Aim of the task: The task calls for the lines below from the line with "スタティック(静的)フィルタ" to the line with "Kalendarz urodzin do", both ends included, copied exactly, without any pictures.

Exercise data:
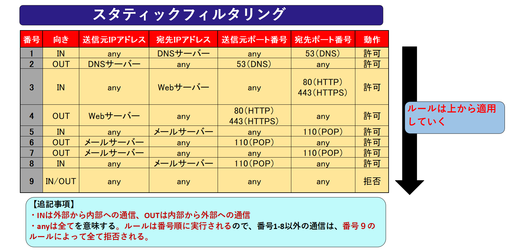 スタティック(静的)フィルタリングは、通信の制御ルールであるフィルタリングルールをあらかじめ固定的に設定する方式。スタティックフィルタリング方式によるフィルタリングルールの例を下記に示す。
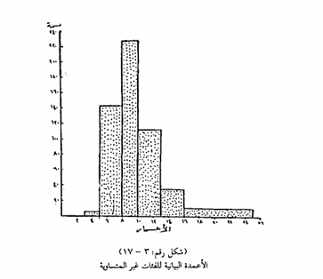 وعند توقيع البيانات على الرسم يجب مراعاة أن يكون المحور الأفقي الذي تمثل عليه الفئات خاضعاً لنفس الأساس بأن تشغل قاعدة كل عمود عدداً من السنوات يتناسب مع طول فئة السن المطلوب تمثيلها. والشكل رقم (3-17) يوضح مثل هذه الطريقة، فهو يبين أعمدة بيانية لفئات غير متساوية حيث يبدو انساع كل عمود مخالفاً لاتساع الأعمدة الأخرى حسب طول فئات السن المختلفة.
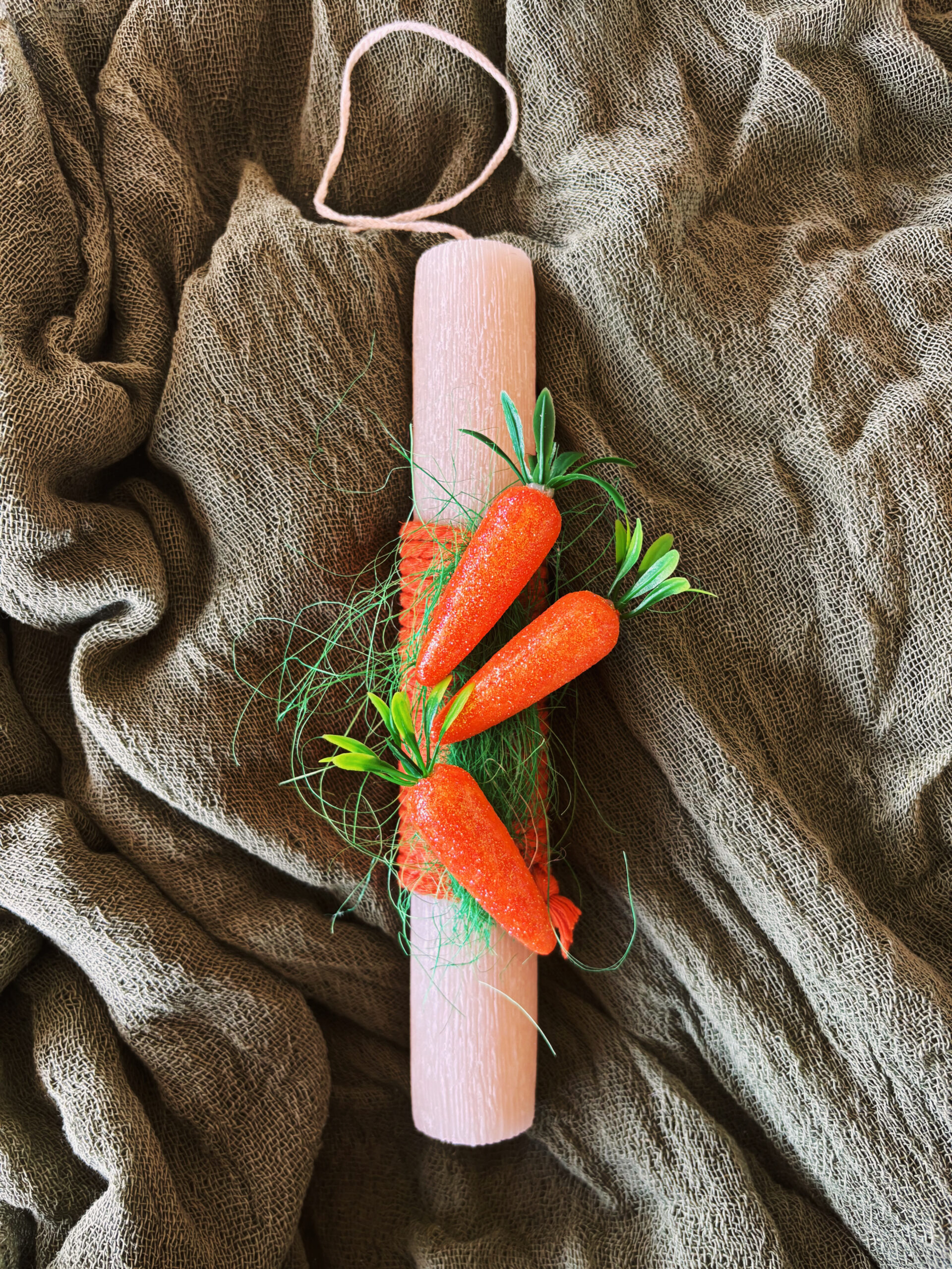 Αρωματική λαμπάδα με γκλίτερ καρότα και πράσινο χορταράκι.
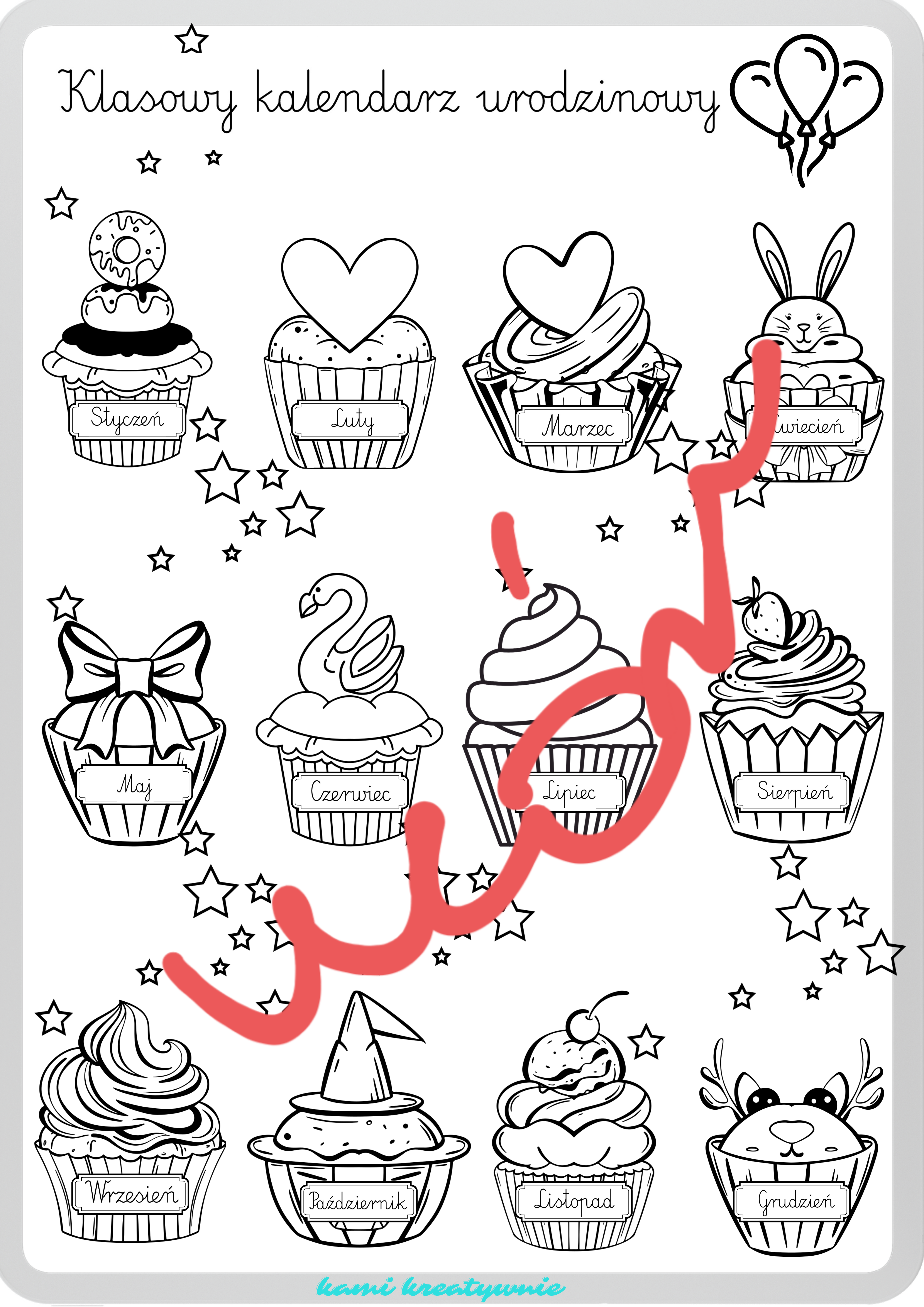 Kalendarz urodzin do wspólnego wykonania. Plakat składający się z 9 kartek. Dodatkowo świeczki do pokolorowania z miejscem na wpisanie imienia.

--

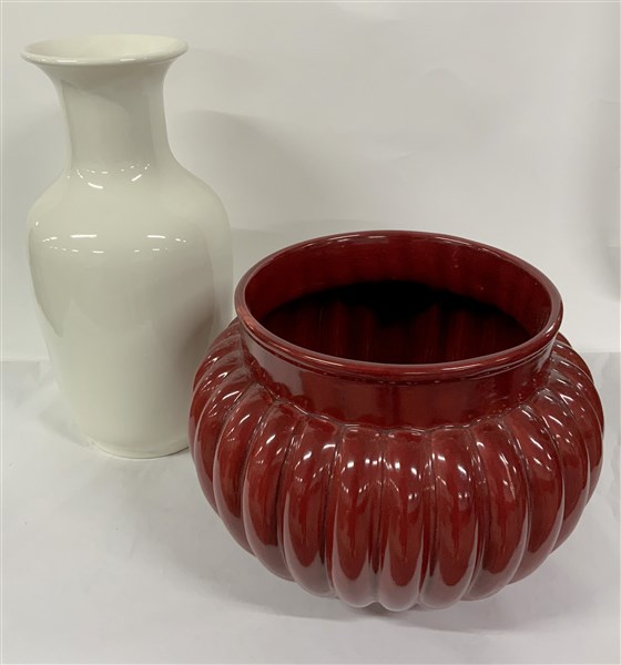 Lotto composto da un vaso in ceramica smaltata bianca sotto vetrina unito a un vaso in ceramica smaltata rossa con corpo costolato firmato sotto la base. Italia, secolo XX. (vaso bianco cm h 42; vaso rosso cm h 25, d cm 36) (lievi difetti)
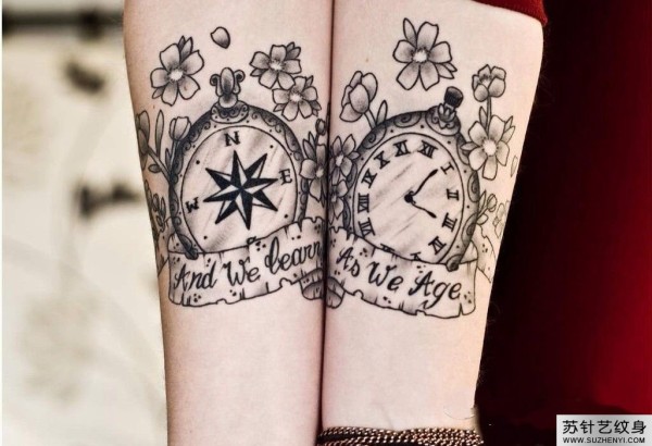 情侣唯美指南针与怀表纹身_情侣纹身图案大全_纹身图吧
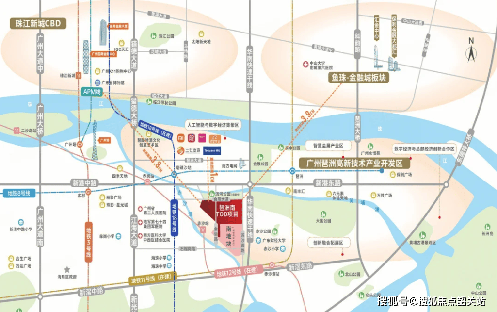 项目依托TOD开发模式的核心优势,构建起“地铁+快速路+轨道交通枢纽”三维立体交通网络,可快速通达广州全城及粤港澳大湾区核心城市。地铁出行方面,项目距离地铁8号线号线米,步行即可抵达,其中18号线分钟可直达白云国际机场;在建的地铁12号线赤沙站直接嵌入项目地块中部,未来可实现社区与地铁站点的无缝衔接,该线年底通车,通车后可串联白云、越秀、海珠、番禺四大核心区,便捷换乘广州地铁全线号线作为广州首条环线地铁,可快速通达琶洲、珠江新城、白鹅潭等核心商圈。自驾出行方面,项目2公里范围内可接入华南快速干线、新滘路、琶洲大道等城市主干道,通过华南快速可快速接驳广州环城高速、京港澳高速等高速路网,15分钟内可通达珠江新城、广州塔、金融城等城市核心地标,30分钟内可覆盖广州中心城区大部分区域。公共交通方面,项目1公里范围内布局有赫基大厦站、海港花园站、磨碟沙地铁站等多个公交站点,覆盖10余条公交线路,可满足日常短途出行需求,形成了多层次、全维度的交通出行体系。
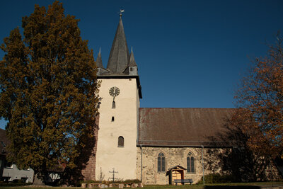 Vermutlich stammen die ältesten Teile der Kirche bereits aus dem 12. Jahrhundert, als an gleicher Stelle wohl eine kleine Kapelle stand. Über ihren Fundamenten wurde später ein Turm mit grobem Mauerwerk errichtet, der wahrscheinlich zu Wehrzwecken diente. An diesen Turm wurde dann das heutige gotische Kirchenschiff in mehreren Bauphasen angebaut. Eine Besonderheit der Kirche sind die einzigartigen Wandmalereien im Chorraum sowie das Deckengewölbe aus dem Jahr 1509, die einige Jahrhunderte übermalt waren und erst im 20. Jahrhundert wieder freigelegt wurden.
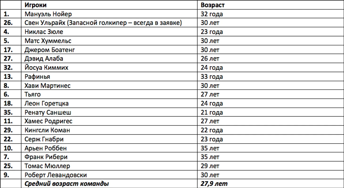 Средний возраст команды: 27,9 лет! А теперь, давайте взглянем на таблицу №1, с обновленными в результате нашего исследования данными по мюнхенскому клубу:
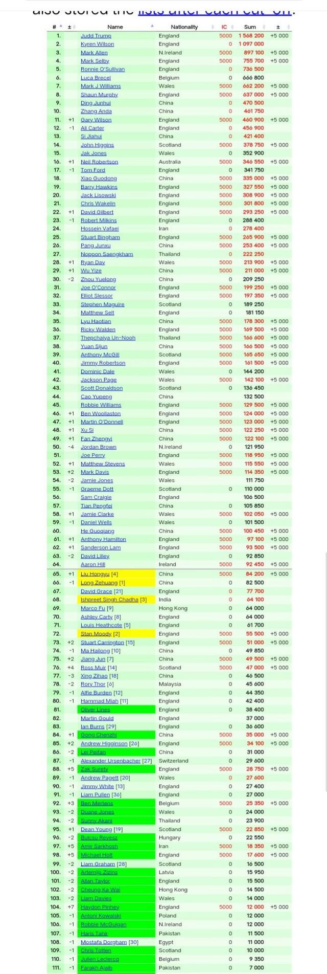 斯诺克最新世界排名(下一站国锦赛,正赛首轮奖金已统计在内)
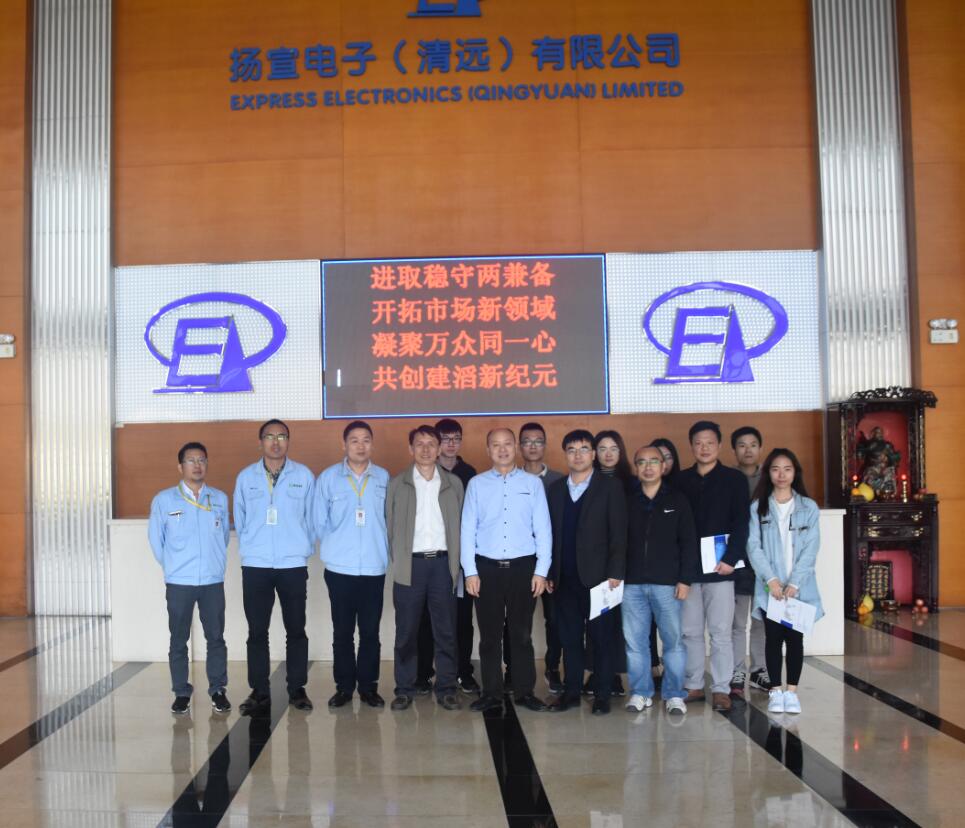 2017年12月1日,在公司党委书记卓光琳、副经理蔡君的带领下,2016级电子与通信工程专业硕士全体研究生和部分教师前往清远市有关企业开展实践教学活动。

---

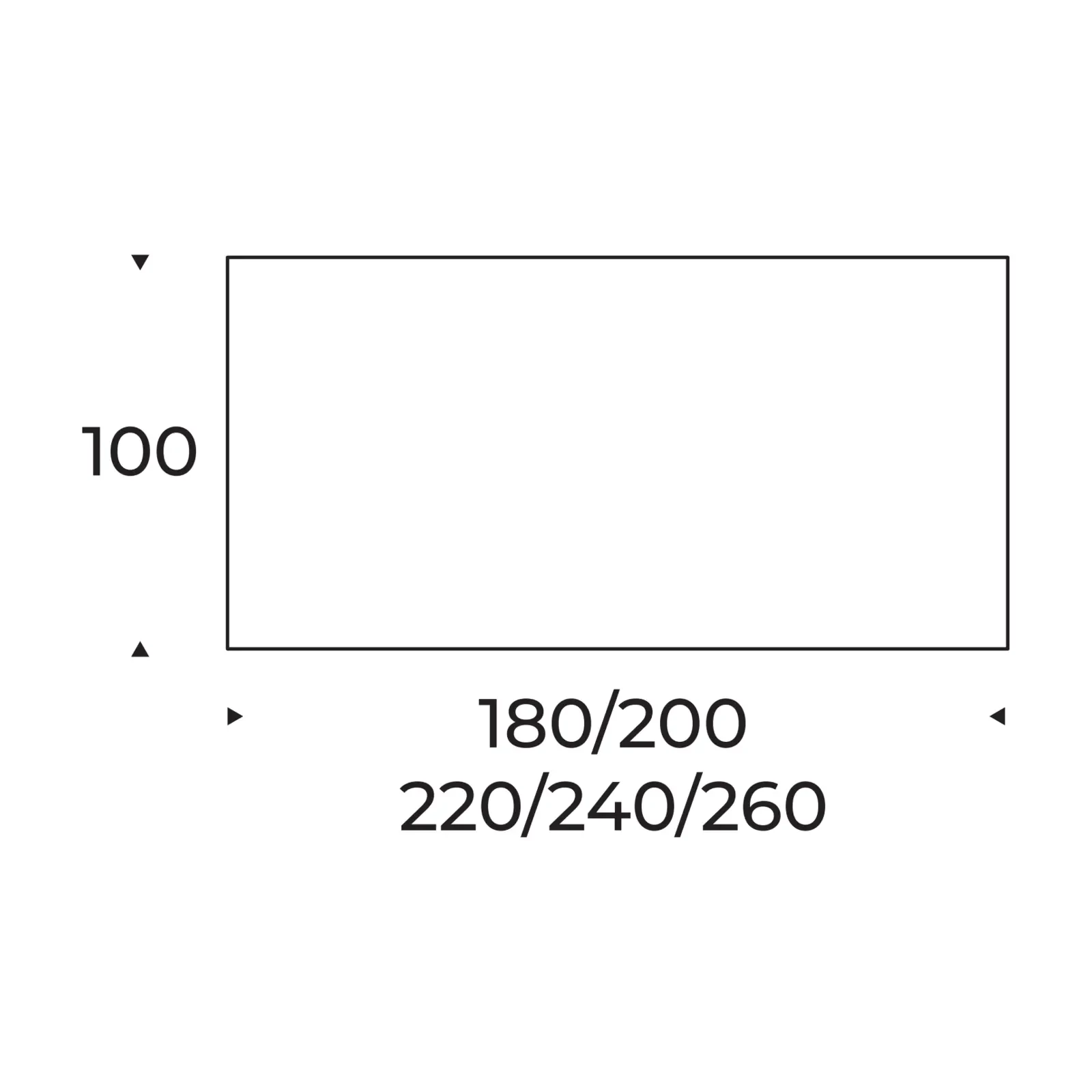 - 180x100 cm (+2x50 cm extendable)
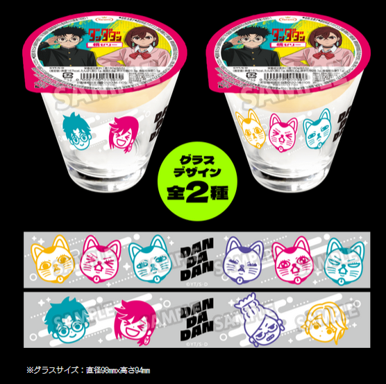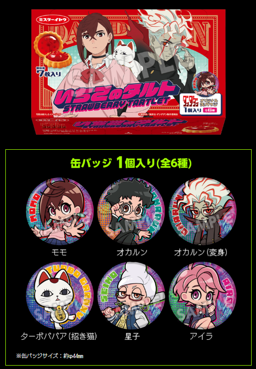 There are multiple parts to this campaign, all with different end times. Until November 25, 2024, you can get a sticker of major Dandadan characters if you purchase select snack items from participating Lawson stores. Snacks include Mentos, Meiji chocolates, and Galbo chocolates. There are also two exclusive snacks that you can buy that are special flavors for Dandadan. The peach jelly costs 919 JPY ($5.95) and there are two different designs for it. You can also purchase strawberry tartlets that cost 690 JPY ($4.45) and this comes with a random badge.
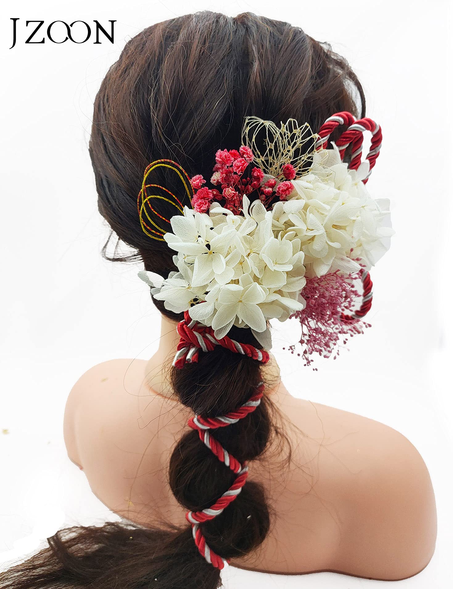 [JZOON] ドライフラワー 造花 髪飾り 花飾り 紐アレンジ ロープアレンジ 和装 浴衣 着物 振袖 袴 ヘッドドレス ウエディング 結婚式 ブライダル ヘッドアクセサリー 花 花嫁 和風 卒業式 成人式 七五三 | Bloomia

Answer for the task:
 スタティック(静的)フィルタリングは、通信の制御ルールであるフィルタリングルールをあらかじめ固定的に設定する方式。スタティックフィルタリング方式によるフィルタリングルールの例を下記に示す。
 وعند توقيع البيانات على الرسم يجب مراعاة أن يكون المحور الأفقي الذي تمثل عليه الفئات خاضعاً لنفس الأساس بأن تشغل قاعدة كل عمود عدداً من السنوات يتناسب مع طول فئة السن المطلوب تمثيلها. والشكل رقم (3-17) يوضح مثل هذه الطريقة، فهو يبين أعمدة بيانية لفئات غير متساوية حيث يبدو انساع كل عمود مخالفاً لاتساع الأعمدة الأخرى حسب طول فئات السن المختلفة.
 Αρωματική λαμπάδα με γκλίτερ καρότα και πράσινο χορταράκι.
 Kalendarz urodzin do wspólnego wykonania. Plakat składający się z 9 kartek. Dodatkowo świeczki do pokolorowania z miejscem na wpisanie imienia.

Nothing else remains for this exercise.